Friday, June 23, 2006
UPDATE 2: I was listening to Hewitt on this story and missed that the NYT story was picked up by the Wall Street Journal and the Washington Post. The former was pointed out by a reader. While both those papers hold some blame for any fallout from the exposure of the program, it was not their original story, and I don't see how they could have published it without the NYT's publication.
I can't contribute too much to the outrage ongoing over the NYT/LAT exposure of the classified program US counterterrorism units use for surveillance of suspected terrorists' financial transactions. What I can talk a little about is the nature of SWIFT transactions generally. My knowledge comes both as a consumer when I worked overseas and as a researcher into the flow of workers' remittances around the world.
SWIFT is, in essence, a messaging service, processing about 11 million such messages each day. The messages may be for payments of cash, transfer of securities, trade credit or other messages. About three-fourths of the messages are for the first two types. The messages contain a numeric code of what type of transactions is contemplated; so, for example, transactions involving traveler's checks have their own code and are most likely to pass through surveillance uninspected. Then there are specific phrases that mean a specific type of transaction. By restricting one's purview to certain phrases under certain codes, the search grid probably can be controlled down to a fairly narrow range. As the link above points out, the record examined here looks very similar to the phone records said to have been examined:
A SWIFT consists of a one-page document containing the name and code of the originating bank, the date and time, the address and code of the receiving bank, the name and internal code of the officer initiating the transmission, the names and numbers of the accounts involved in the transfer, a description of the asset being transferred, the MT category of the transmission, and acceptable, standardized phrases as described above.SWIFT transactions are typically large size because the cost of using the system is substantial. When I lived in Ukraine I only used SWIFT for receiving sums of about $10000, typically quarterly, for payment of expenses. The information on the slip that I would receive had codes for the banks, the accounts being transferred from and to (in both those cases, mine -- I could not get dollars without a Ukrainian bank account) and the amount to be transferred.

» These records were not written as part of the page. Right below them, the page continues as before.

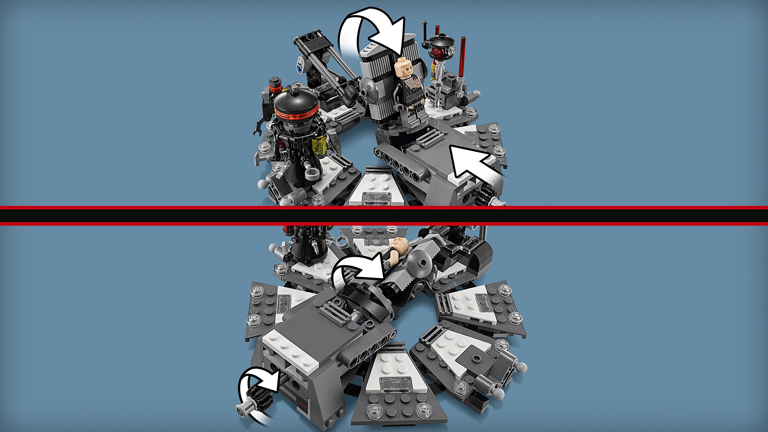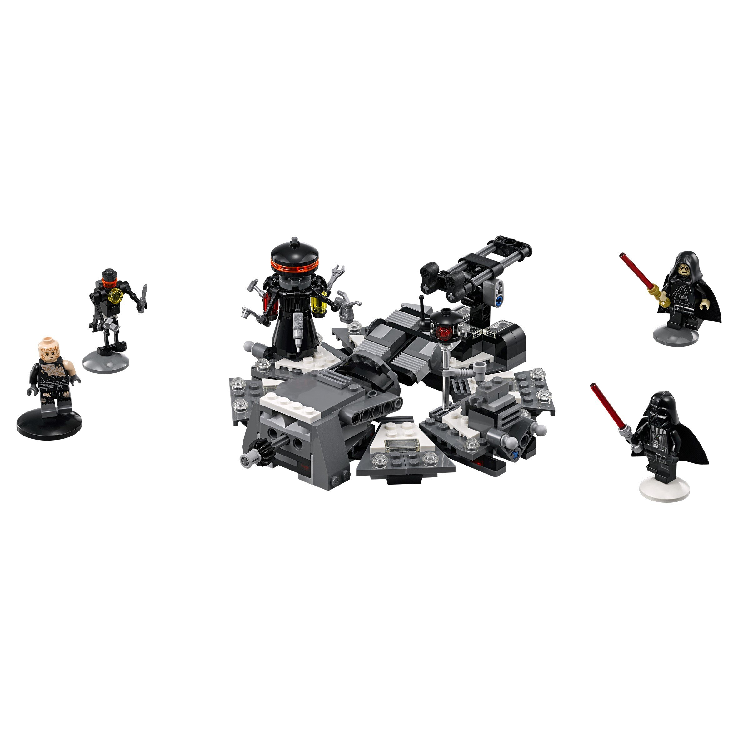 Before it's too late, let's go to help Palpatine's disciple Anakin! Lower the table, twist the handle, twist the helmet and raise the table again, the birth of the evil Sith Lord, Darth Vader! With the force of the Force
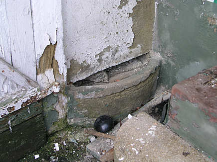 Im linken Schweinestall ist noch die originale Fütterung erhalten, durch die die Schweine im Stall von außen gefüttert werden kontnen.
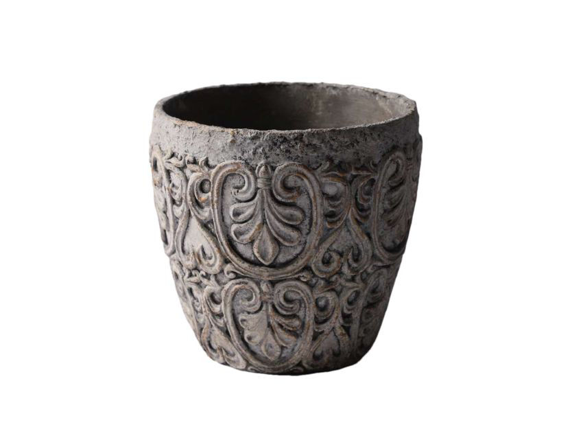 Cement posuda s reljefom 14.3x14.3x13cm;siva

About 90% of the messages between banks are sent via SWIFT. If al Qaeda wanted to be sure to keep its activity private, it would want to use telex or phone messages -- older technologies pre-dating SWIFT. It can use a mail payment from bank to bank. Those are still possible and some banks use them, many in the developing world. But it slows down the transfer process; for example, the mail transfer gets caught up in two countries' postal systems.
Another way to conduct transfer that I saw a little of in Armenia is the hawala system. (Obviously they weren't called this and weren't instituted as a result of Islamic banking practices. But the principal form exists in many developing countries.) In short, someone takes money from someone in the sending country and makes a phone call to his friend in the receiving country with instructions on who to pay and how much. The hawalas will settle up later on with a settlement payment between them. I saw these most often as family-based. The sender and receiver of funds (as opposed to the two hawala operators) is very difficult to trace. Hawalas are already under investigation by counterterrorism experts. I notice that Counterterrorism Blog writes as if the SWIFT operation is over. I'm not as sure it would, because hawalas are vulnerable to surveillance -- any Muslim grocery store is going to be checked -- and telexes are really slow and just as possibly tapped by an NSA probe as a telephone call.
SWIFT has issued a statement about the NYT article.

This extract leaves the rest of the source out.